Material to process
- Opening Delimiter -

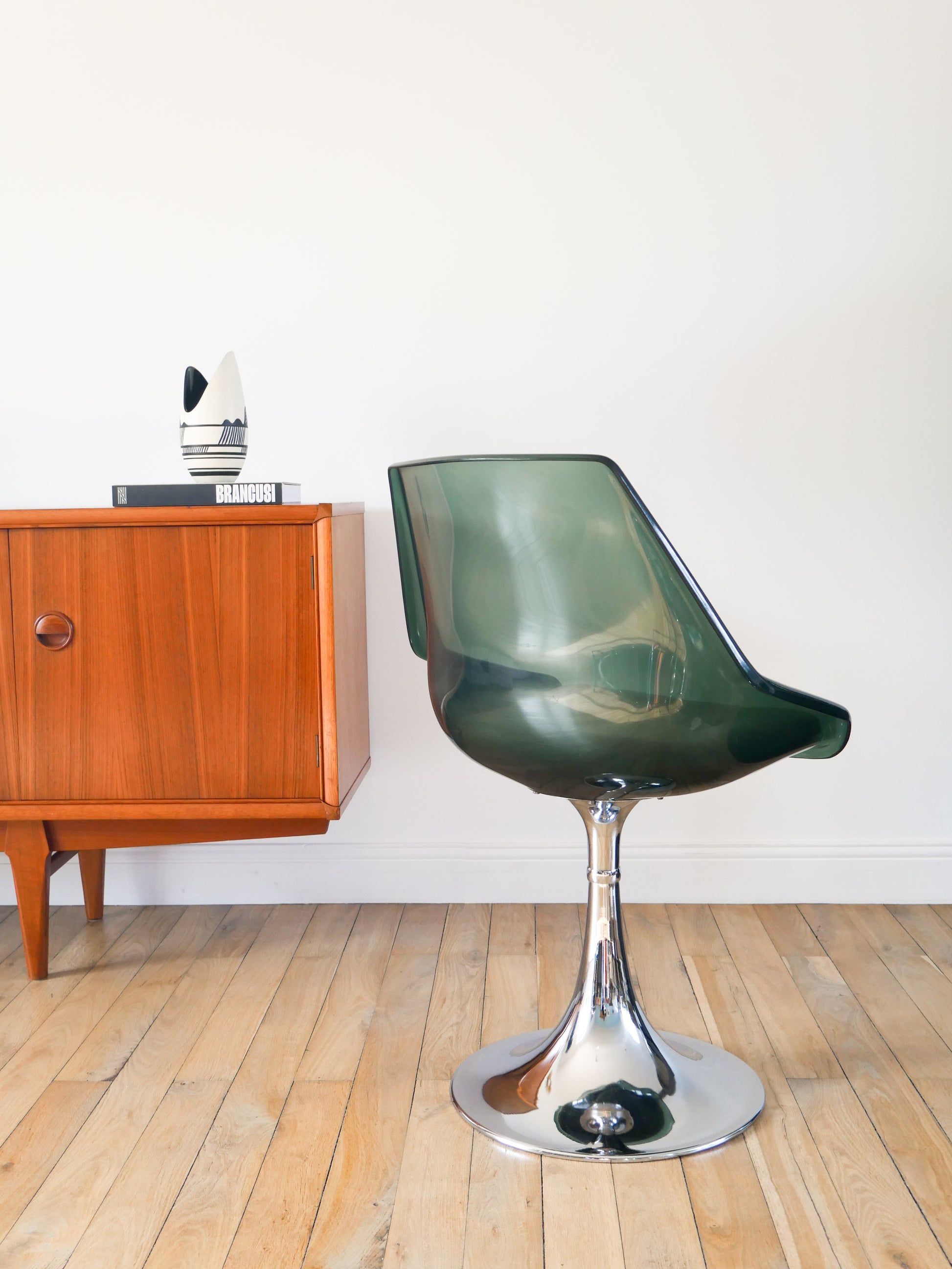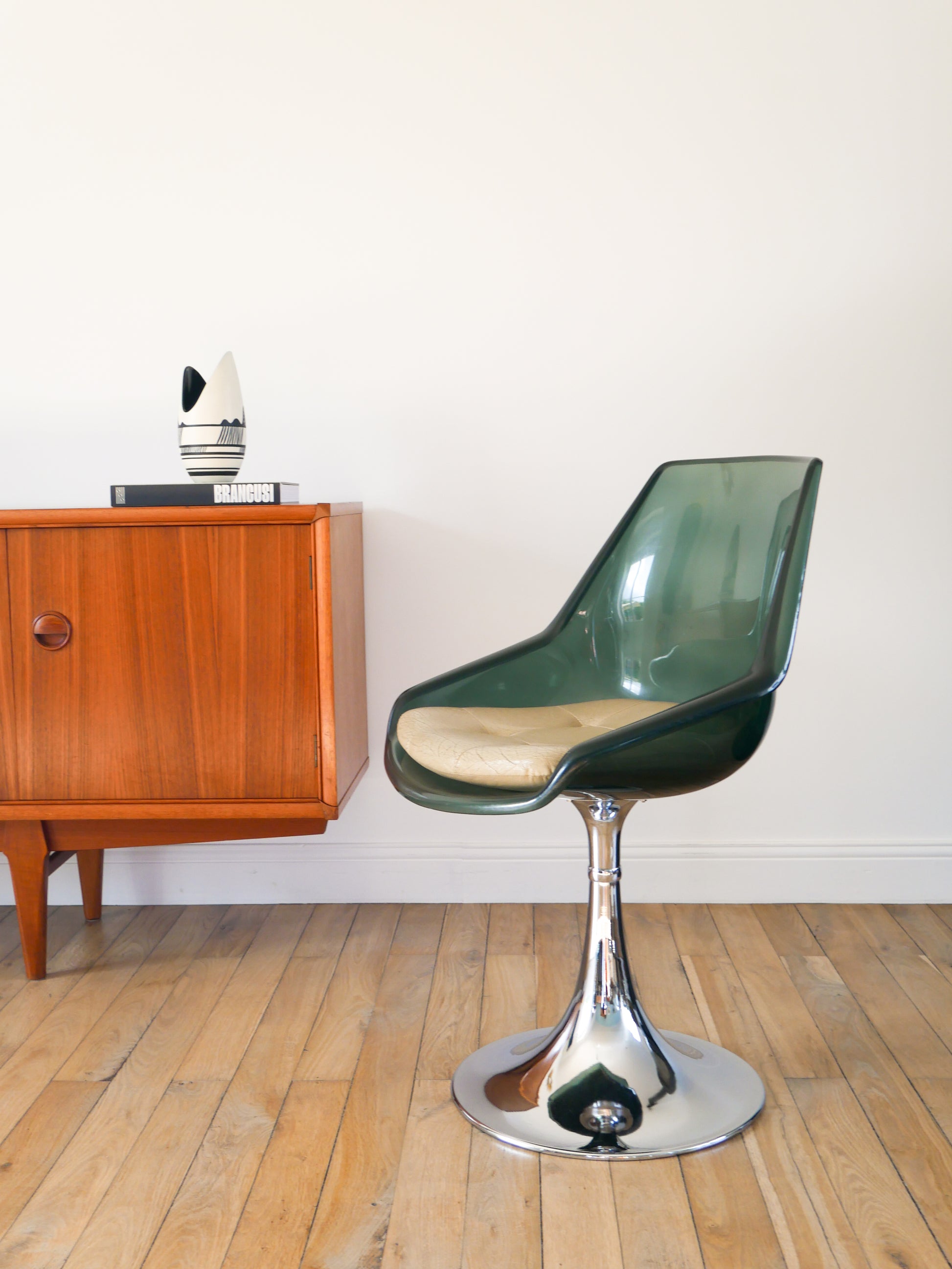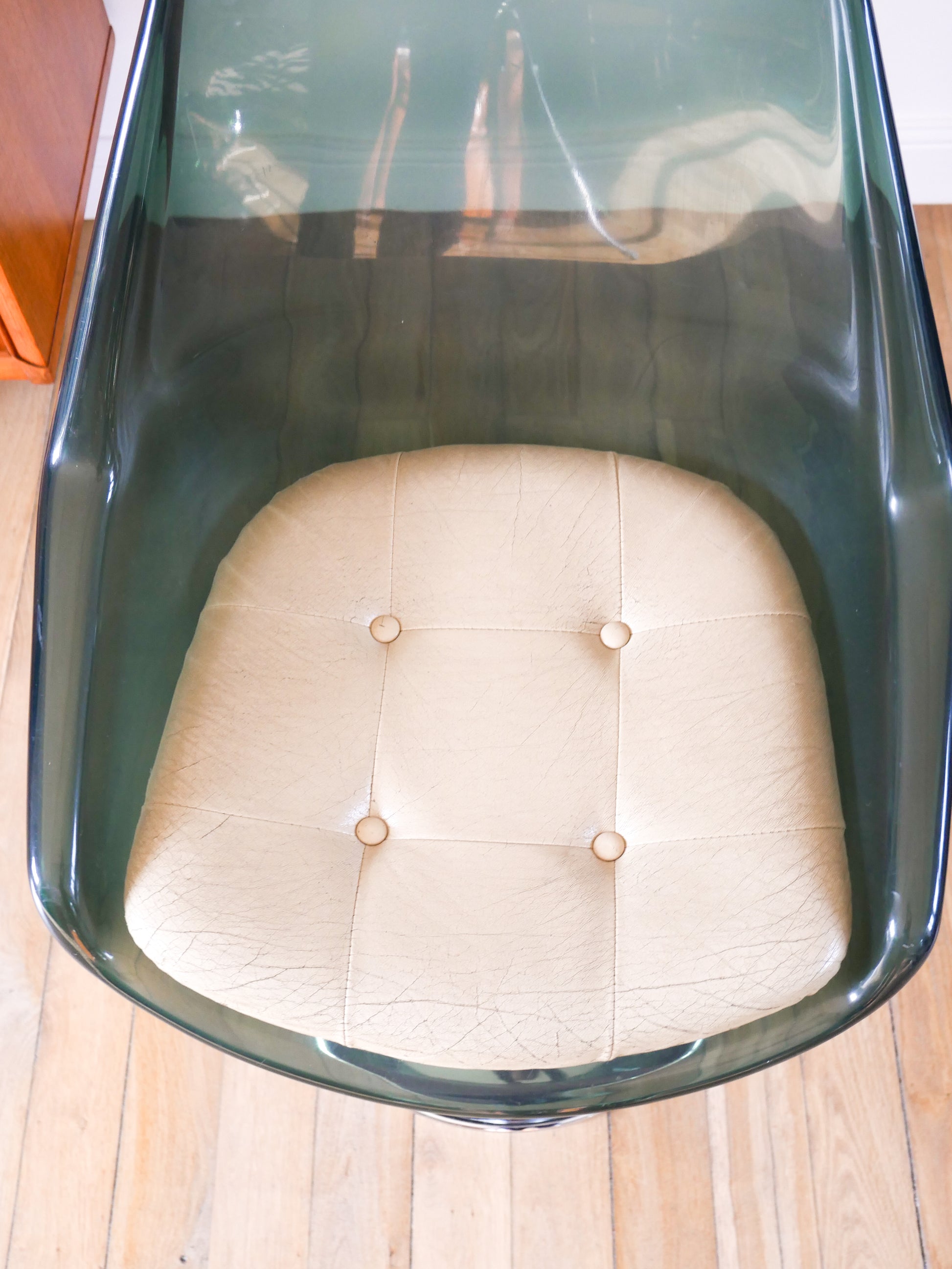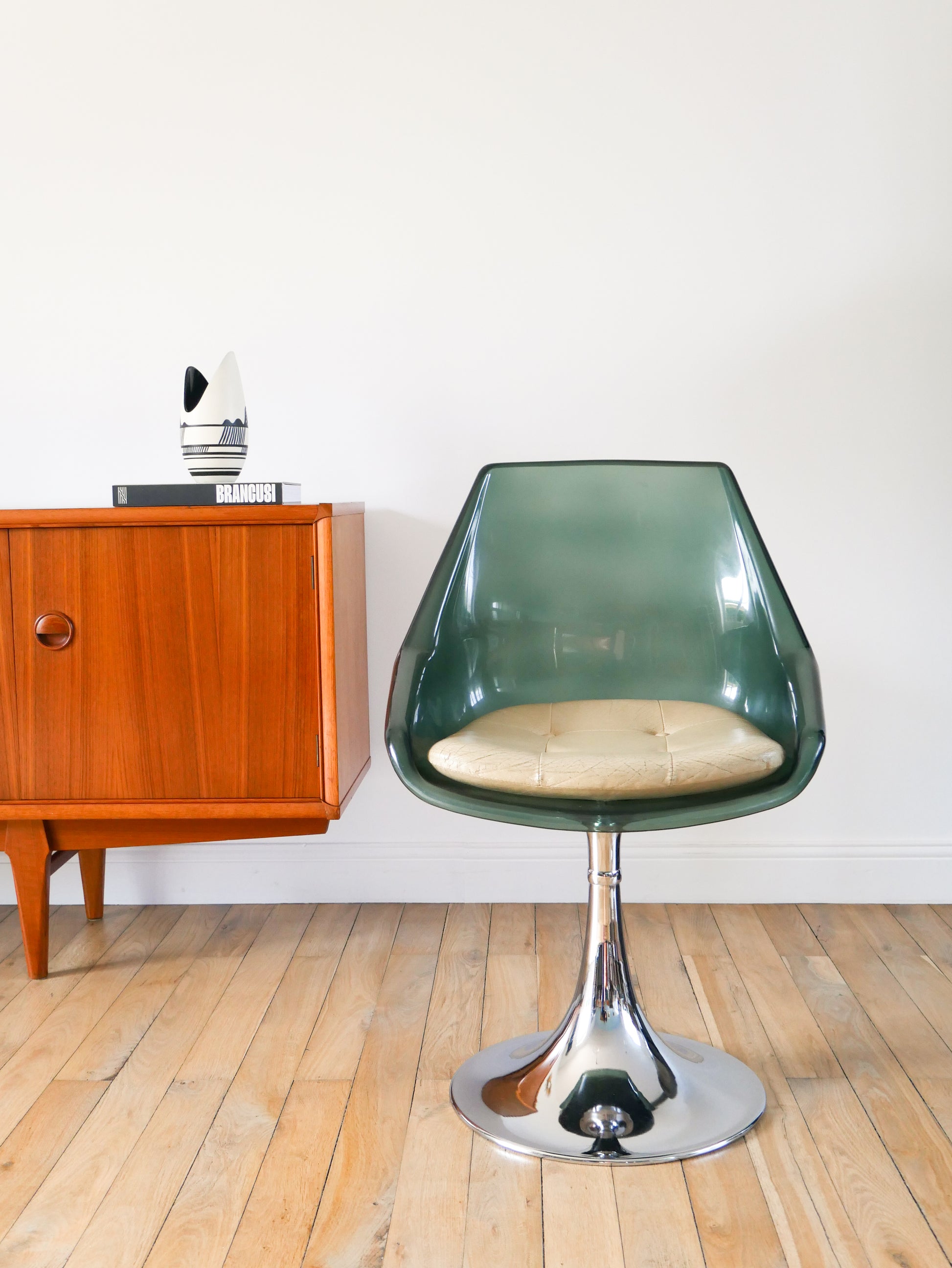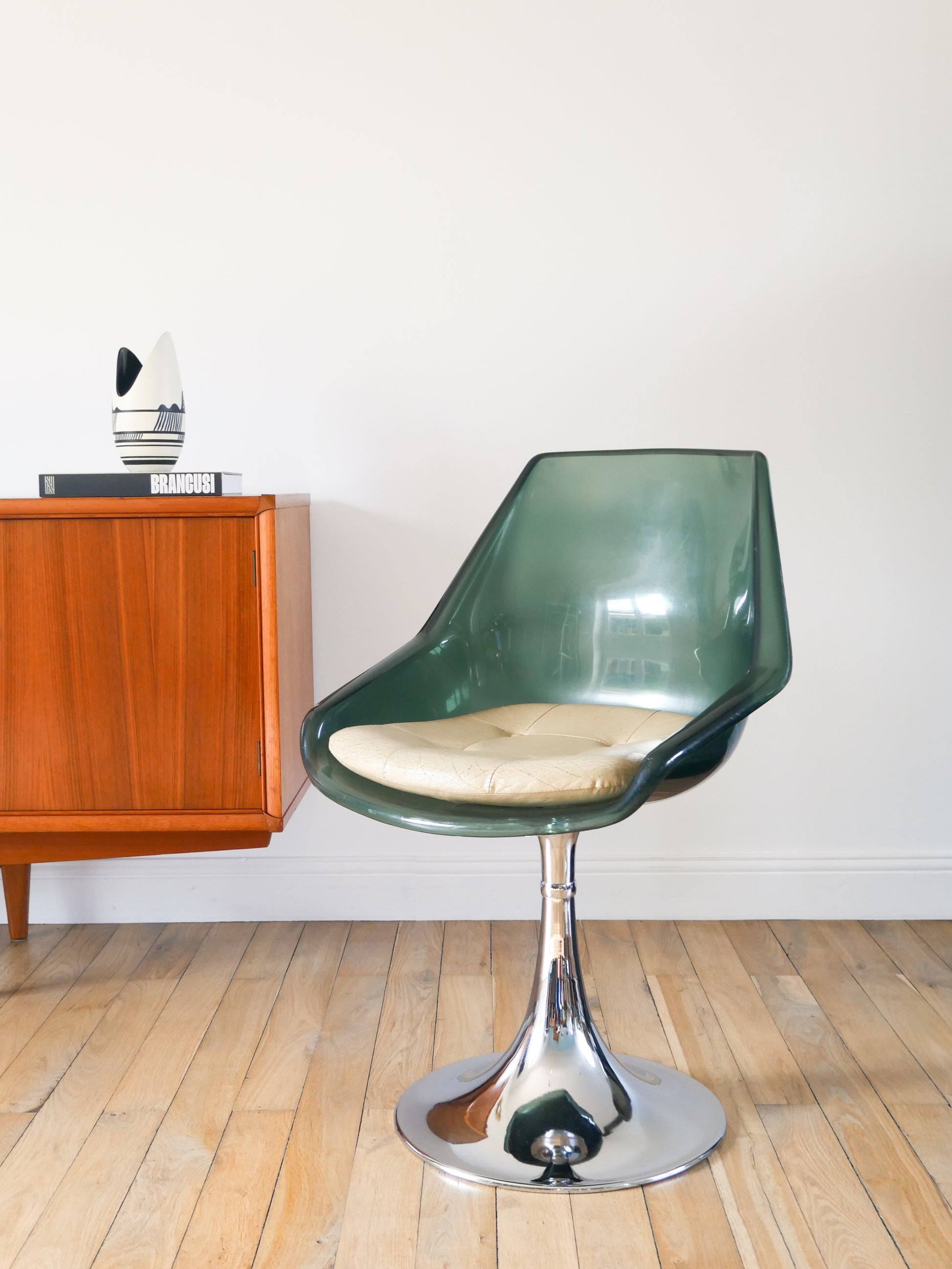 Chaise pivotante à pieds tulipe en chrome et plexi, Bleutée, galette en skaï Beige, Roche Bobois, 1970
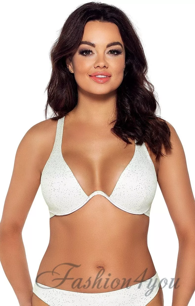 Сміливий та сексуальний роздільний купальник Ava SK 162. Кремова тканина з неоднорідною текстурою красиво виглядає на тілі, підкреслюючи загар блискучим золотистим конфетті. М'які чашечки на кісточках делікатно піднімають і підтримують груди, чуттєво підкреслюючи декольте. Еластична зав'язка тримає бюстгальтер на потрібному місці, а знімні (тільки позаду) бретелі дозволяють перехрестити їх на спині.
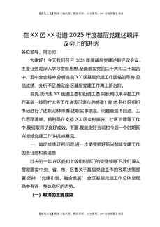 在XX区XX街道2025年度基层党建述职评议会上的讲话.docx
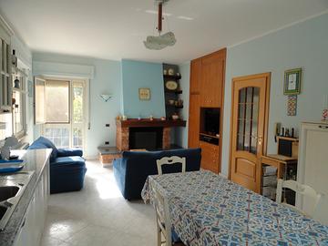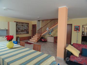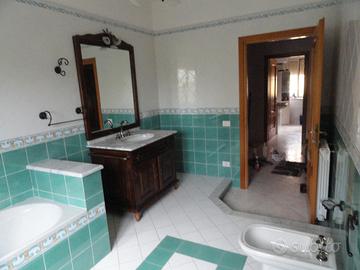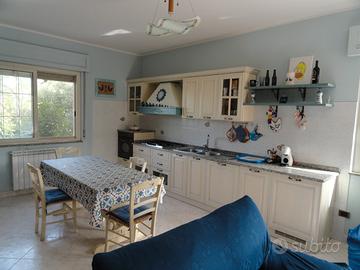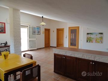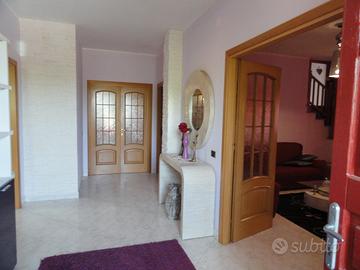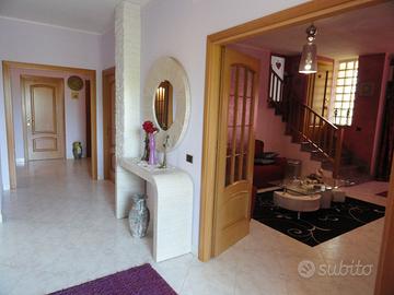 al piano rialzato vi è una terrazza che precede l'ingresso principale. Ci accoglie un ampio andito dove troviamo a sinistra la grande cucina e a destra il salone. La cucina abitabile molto spaziosa si presenta con un caminetto e due divanetti. Nella zona notte del piano rialzato ci sono tre camere da letto e due bagni ben rifiniti. Tutti gli ambienti sono molto grandi, spaziosi e luminosi.
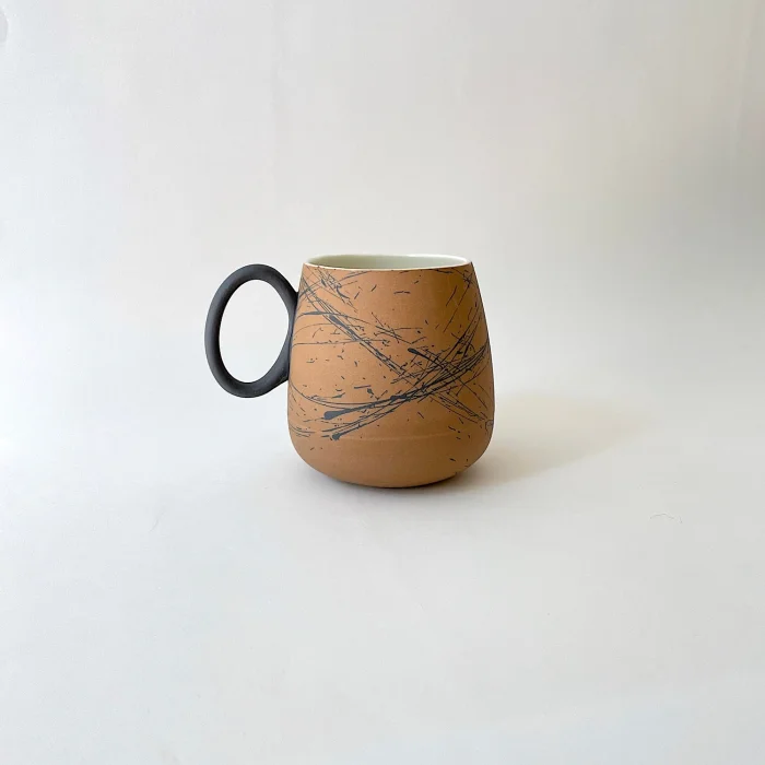 The handmade porcelain mug is manufactured using food-grade glazes.

- Closing Delimiter -

Task brief
Would you please repeat the entries above verbatim, excluding each picture?

Result for this exercise
 Chaise pivotante à pieds tulipe en chrome et plexi, Bleutée, galette en skaï Beige, Roche Bobois, 1970
 Сміливий та сексуальний роздільний купальник Ava SK 162. Кремова тканина з неоднорідною текстурою красиво виглядає на тілі, підкреслюючи загар блискучим золотистим конфетті. М'які чашечки на кісточках делікатно піднімають і підтримують груди, чуттєво підкреслюючи декольте. Еластична зав'язка тримає бюстгальтер на потрібному місці, а знімні (тільки позаду) бретелі дозволяють перехрестити їх на спині.
 在XX区XX街道2025年度基层党建述职评议会上的讲话.docx
 al piano rialzato vi è una terrazza che precede l'ingresso principale. Ci accoglie un ampio andito dove troviamo a sinistra la grande cucina e a destra il salone. La cucina abitabile molto spaziosa si presenta con un caminetto e due divanetti. Nella zona notte del piano rialzato ci sono tre camere da letto e due bagni ben rifiniti. Tutti gli ambienti sono molto grandi, spaziosi e luminosi.
 The handmade porcelain mug is manufactured using food-grade glazes.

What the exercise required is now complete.